Segment Open
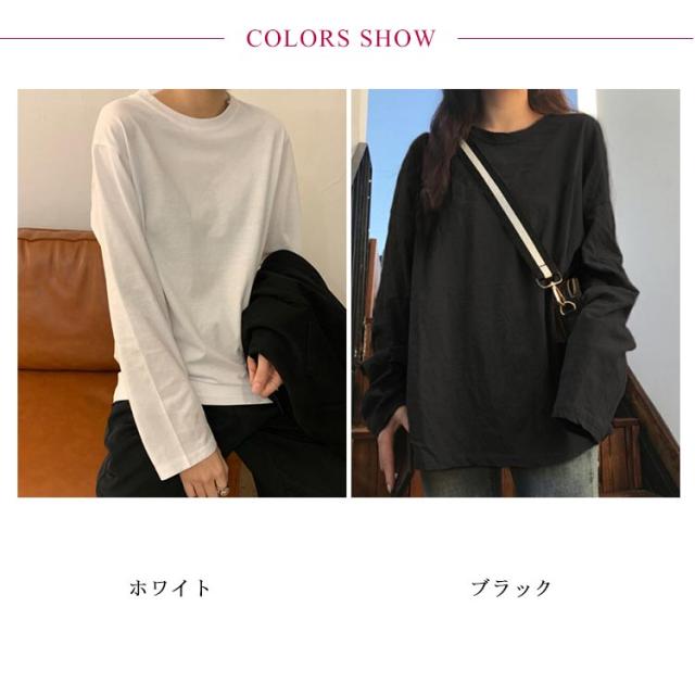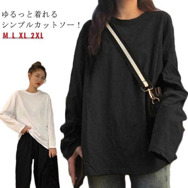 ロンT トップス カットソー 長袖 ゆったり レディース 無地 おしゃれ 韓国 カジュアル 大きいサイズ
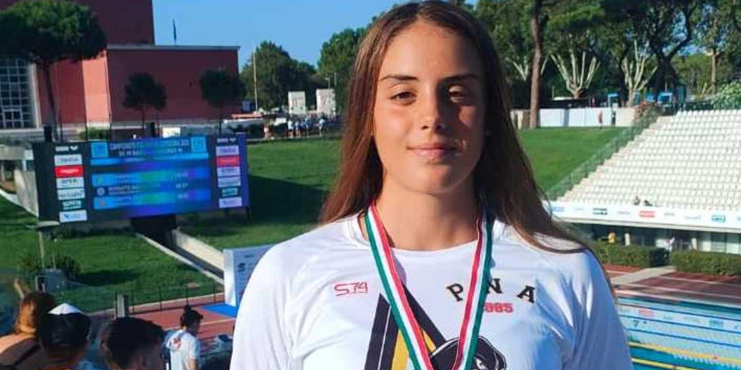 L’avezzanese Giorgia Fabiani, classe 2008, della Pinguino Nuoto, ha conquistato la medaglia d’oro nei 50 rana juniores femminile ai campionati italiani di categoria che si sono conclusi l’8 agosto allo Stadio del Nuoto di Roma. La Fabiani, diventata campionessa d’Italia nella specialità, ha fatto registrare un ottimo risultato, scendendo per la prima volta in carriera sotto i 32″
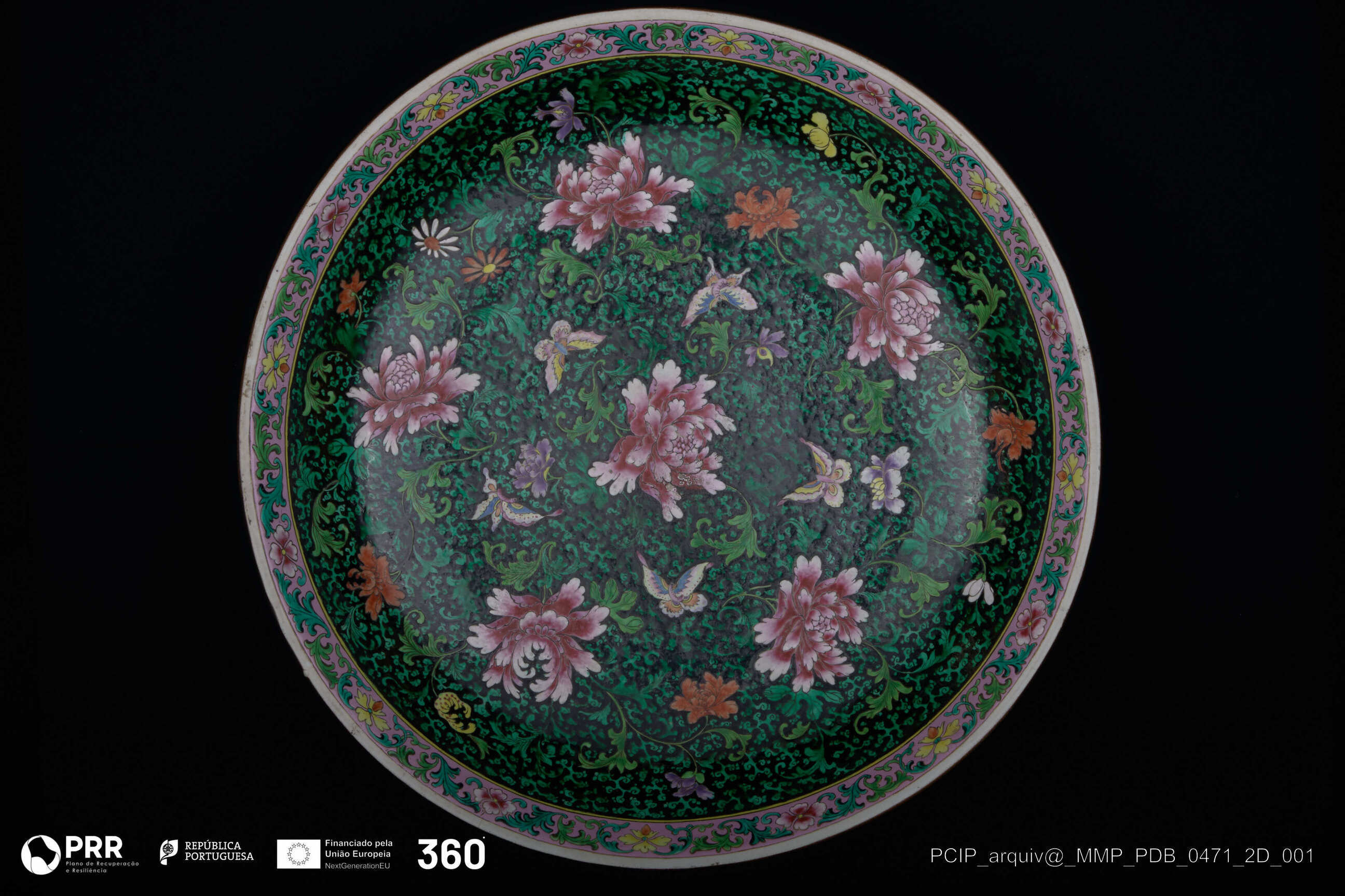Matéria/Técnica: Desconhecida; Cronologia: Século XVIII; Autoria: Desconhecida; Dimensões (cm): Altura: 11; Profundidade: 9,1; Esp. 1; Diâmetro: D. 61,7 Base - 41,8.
Segment Closed
Segment Open
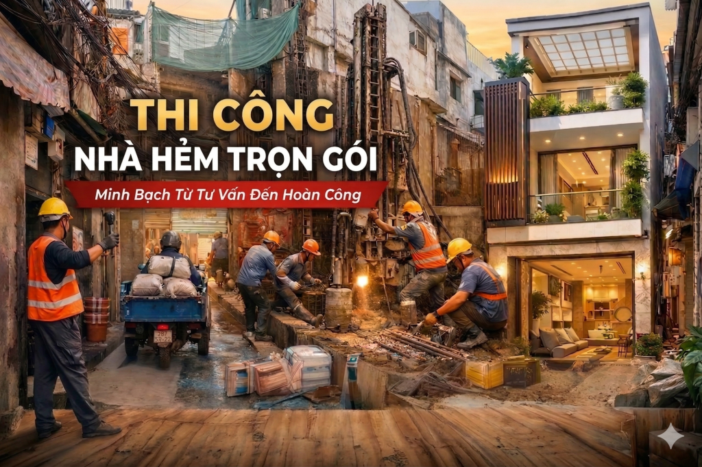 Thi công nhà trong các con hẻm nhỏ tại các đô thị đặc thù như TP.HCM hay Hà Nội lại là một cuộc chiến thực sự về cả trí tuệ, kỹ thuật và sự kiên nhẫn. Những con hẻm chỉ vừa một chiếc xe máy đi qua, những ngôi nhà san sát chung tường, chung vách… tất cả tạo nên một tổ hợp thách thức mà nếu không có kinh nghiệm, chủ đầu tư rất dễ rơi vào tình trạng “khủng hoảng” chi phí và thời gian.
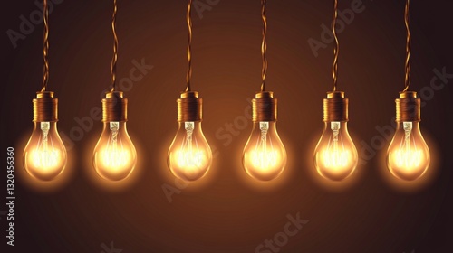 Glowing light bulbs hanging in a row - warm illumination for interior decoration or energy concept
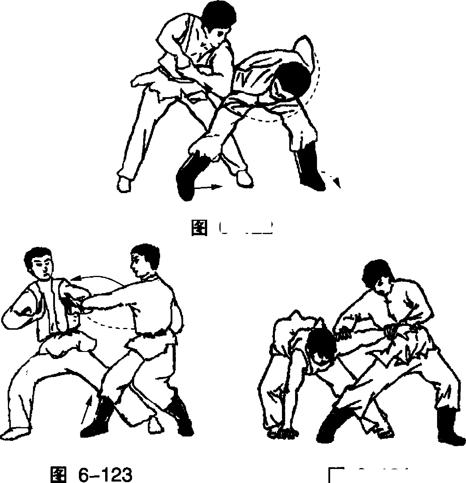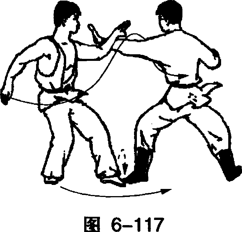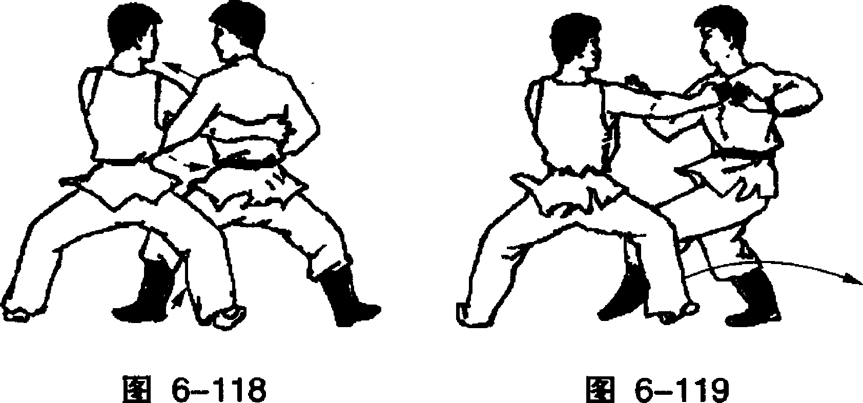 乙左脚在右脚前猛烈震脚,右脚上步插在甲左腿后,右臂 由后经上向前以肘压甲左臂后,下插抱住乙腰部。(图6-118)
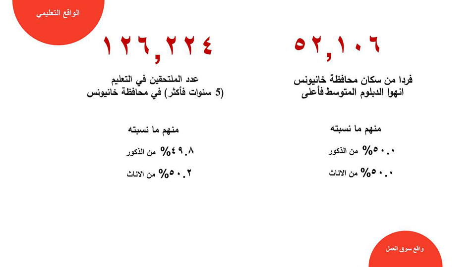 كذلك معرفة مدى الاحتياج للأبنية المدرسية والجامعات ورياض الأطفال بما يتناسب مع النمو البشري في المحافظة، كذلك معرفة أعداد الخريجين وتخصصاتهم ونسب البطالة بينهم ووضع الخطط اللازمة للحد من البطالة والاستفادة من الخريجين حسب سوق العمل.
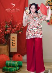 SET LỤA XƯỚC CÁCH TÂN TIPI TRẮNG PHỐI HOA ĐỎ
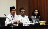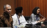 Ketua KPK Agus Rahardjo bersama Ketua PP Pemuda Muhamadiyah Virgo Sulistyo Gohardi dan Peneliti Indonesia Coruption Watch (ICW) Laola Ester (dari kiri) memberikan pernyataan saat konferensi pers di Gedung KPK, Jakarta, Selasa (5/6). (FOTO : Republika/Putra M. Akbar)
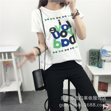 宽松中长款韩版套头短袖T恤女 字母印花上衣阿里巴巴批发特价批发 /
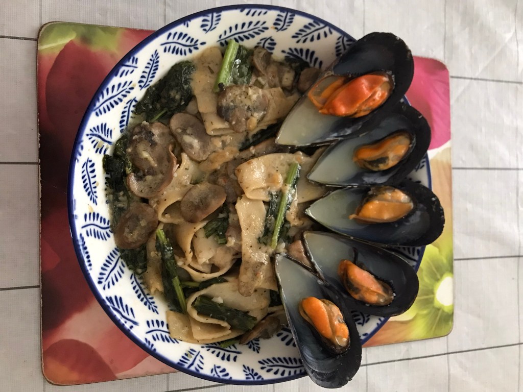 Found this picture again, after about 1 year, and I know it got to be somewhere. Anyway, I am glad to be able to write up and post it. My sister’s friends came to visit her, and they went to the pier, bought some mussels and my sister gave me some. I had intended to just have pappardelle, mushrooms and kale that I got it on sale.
Segment Closed
**Problem details**
Look above for the line holding "SET LỤA XƯỚC CÁCH TÂN TIPI TRẮNG PHỐI HOA ĐỎ" and output everything from it down to the line holding "宽松中长款韩版套头短袖T恤女 字母印花上衣阿里巴巴批发特价批发 /", both ends included, exactly and without images.

**Answer to the problem**
 SET LỤA XƯỚC CÁCH TÂN TIPI TRẮNG PHỐI HOA ĐỎ
 Ketua KPK Agus Rahardjo bersama Ketua PP Pemuda Muhamadiyah Virgo Sulistyo Gohardi dan Peneliti Indonesia Coruption Watch (ICW) Laola Ester (dari kiri) memberikan pernyataan saat konferensi pers di Gedung KPK, Jakarta, Selasa (5/6). (FOTO : Republika/Putra M. Akbar)
 宽松中长款韩版套头短袖T恤女 字母印花上衣阿里巴巴批发特价批发 /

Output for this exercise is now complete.